We’re always being asked some of the basics – so we decided to make this quick guide that’ll answer all the most common questions – such as:

  • Which are the most common papers to use for my brochure/magazine/catalogue?
  • How should I ask for delivery so I know they’ll come undamaged or be suitable for my warehouse?
  • What’s the most cost-effective page count for my brochure/magazine/catalogue?

You’ll find those answers and more below. Plus we’ve also laid it out as a handy pdf so you can grab a copy and save it or print it out. Just click the graphic below.

And as always, if you’ve got any further questions, email us at or call on 01869321321.Happy printing!



Designing & Specifying Brochures, Magazines & Catalogues


Click to download as a PDF

Avoid problems and save time and money with these quick tips for when you’re next designing and specifying a brochure or catalogue.

Paper types

Paper is available in different quality types. The below list shows a range starting from the highest quality (heavier, thicker, whiter) down to the lowest quality (lighter, thinner and less white):

  • Woodfree
  • Near woodfree
  • Machine coated
  • Light weight coated
  • Super calendered
  • Improved newsprint
  • Standard newsprint

You can choose matt, gloss or silk finishes, with some uncoated options on woodfree and newsprint paper types.

Page count

Your project’s page count should be divisible by four (e.g. 32, 48, 64 etc.) to facilitate binding.

The most cost-effective page counts are divisible by 16 (not including your four-page cover).

Finished size

Presses in the UK are designed to deal primarily with printing A4 and A5 sizes, so these are the most common and cost-effective options:

  • A4: 297mm x 210mm
  • A5: 210mm x 148mm

Paper weights

There are different weights available for each paper type, expressed as ‘gsm’ which means ‘grams per square metre’.

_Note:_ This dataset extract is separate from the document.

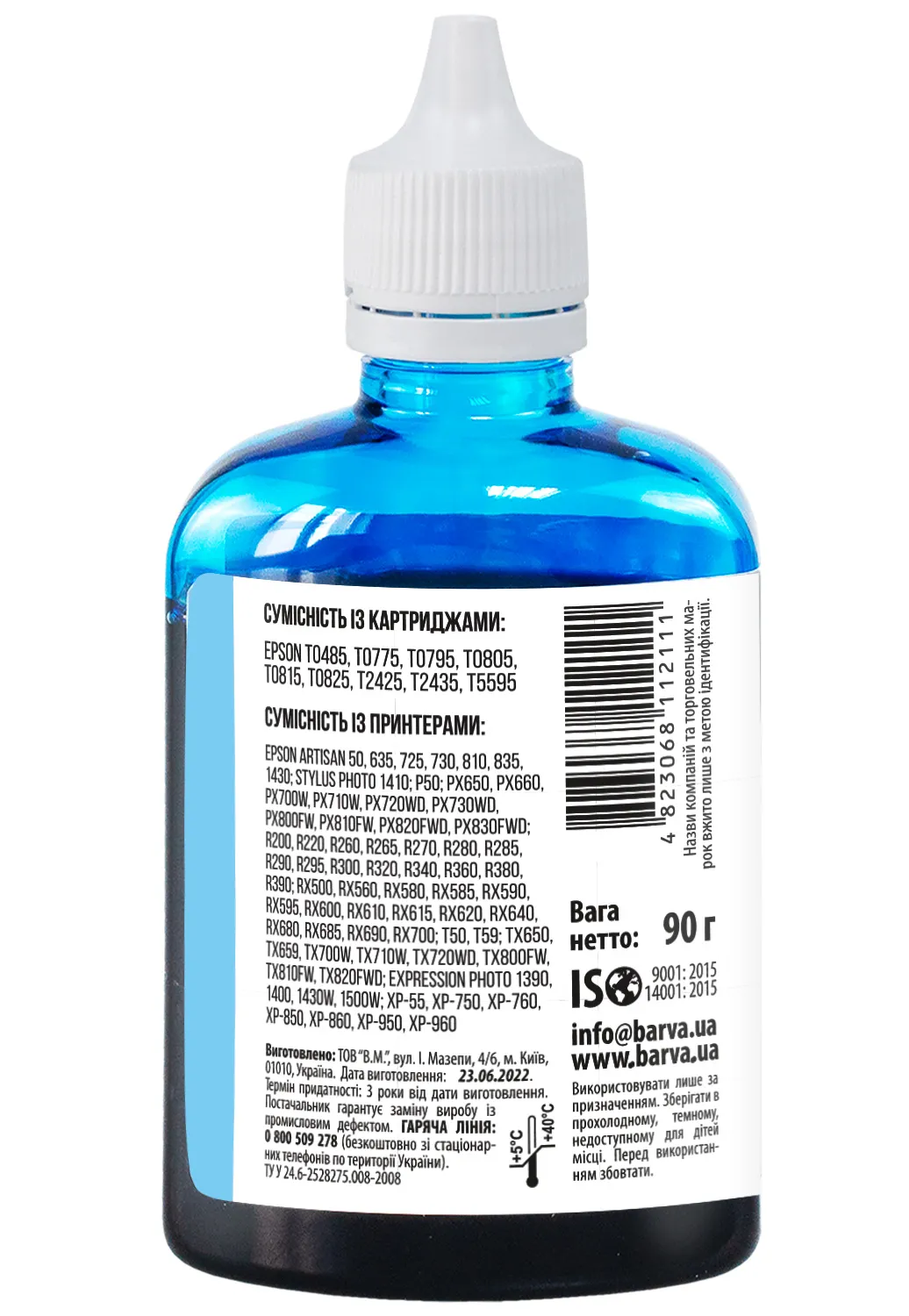 Украинская компания ООО «В.М.» занимается производством чернил под торговой маркой Barva уже много лет. На базе собственной лаборатории осуществляется как разработка новых формул, так и непрерывный контроль качества выпускаемой продукции. При производстве чернил производитель следует стандартам ISO 9001:2015 и ISO 14001:2015.

If you are printing low volumes (e.g. under about 20,000), you will need to specify a paper weight of 80gsm or higher, as this is the minimum that low volume sheet fed presses can process. Higher volumes can be printed more cost-effectively on web fed or gravure presses, which can both process paper as thin/light as 39 gsm.

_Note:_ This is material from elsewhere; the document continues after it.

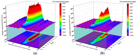 Figure 8 shows the changes in the longitudinal center section of CO concentration at different distributions. Furthermore, Figure 9 describes the 3D curves of CO concentrations at different distances. The small longitudinal and critical ventilation velocities were 0.5 m/s and 3.6 m/s, respectively.

Normally, four inks (cyan, magenta, yellow and black) are combined together to produce a good range of colours on a printed item.

Special pre-mixed inks, known as Pantone colours, are sometimes needed for colour accuracy or impact (e.g. an exact shade may be specified by a brand’s guidelines or to maximise impact).

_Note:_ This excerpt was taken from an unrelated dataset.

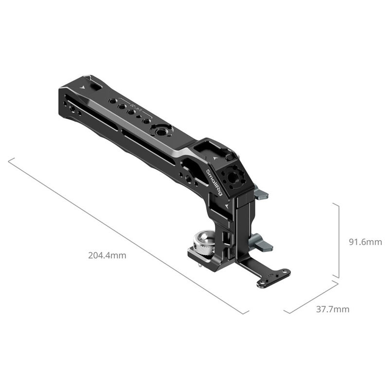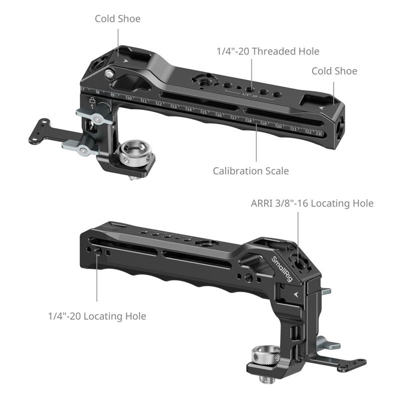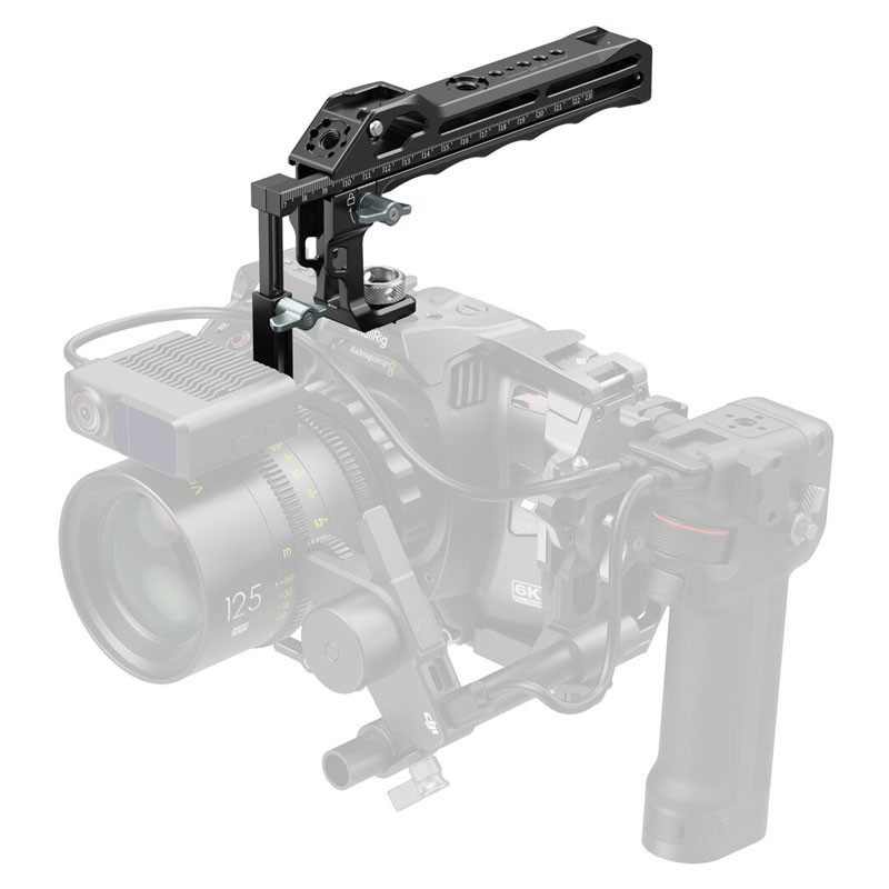 A SmallRig Top Handle segítségével hordozhatja kameráját vagy rigjét, és felszerelheti nyomkövető egységét. A fogantyú egy 3/8"-16-os ARRI-stílusú, csavarodásgátló menetre rögzíthető a kameraketrec vagy a rigre egy reteszelő csavar segítségével. A fogantyú tartalmaz egy elülső rögzítő konzolt is a DJI Focus Pro LiDAR modulhoz. A fogantyú markolata csúszó kialakítású, 23 cm-es mérőskálával rendelkezik, amely lehetővé teszi, hogy a LiDAR modult a kalibráláshoz optimális pozícióba helyezze.

In addition, metallic inks (including gold and silver) are available. The more colours you require, and the addition of any special or metallic inks, will increase the printing cost.


The two most common binding types are:

  • Saddle stitched: two wire staples applied into the spine.
  • Perfect bound: glue applied along the spine.

If your print project is over a certain thickness (typically anything more than 100 pages at 80gsm), then perfect bound will last longer and look better.

Cover Finishing

Adding a finish to the cover of your project will help to communicate prestige and quality, improve longevity and increase impact. Common cover finishes include:

Sealer varnish: Adds a slight texture and comes in matt, gloss or silk options.

Overall UV varnish: Adds a layer of either matt, gloss or silk texture across the whole cover.

Spot gloss UV varnish: Adds a high-gloss shine to specific areas of the cover and is often used to highlight images or logos and add tactility.

Lamination: Adds a thick, protective layer of either gloss, matt or silk plastic, which gives the cover a more rigid feel and increased longevity.

There are many other options available – tell us what you’re trying to achieve and we’ll provide ideas.


After binding, your project will need to be packed. The most common options available are listed below, starting with the cheapest and ending with the most protective:

Bulk packed on pallet (BPOP): Stacked in bundles onto a pallet then shrink wrapped.

Shrink wrapped bundles: As the finished print comes off the line they are wrapped in a film and then sent through an oven. The oven shrinks the film around the pile making them secure and less likely to be damaged. The shrink wrapped bundles are then placed onto pallets for further shrink wrapping.

Carton packed: As the bundles come off the line they are placed in boxes before being shrink wrapped onto pallets for extra protection.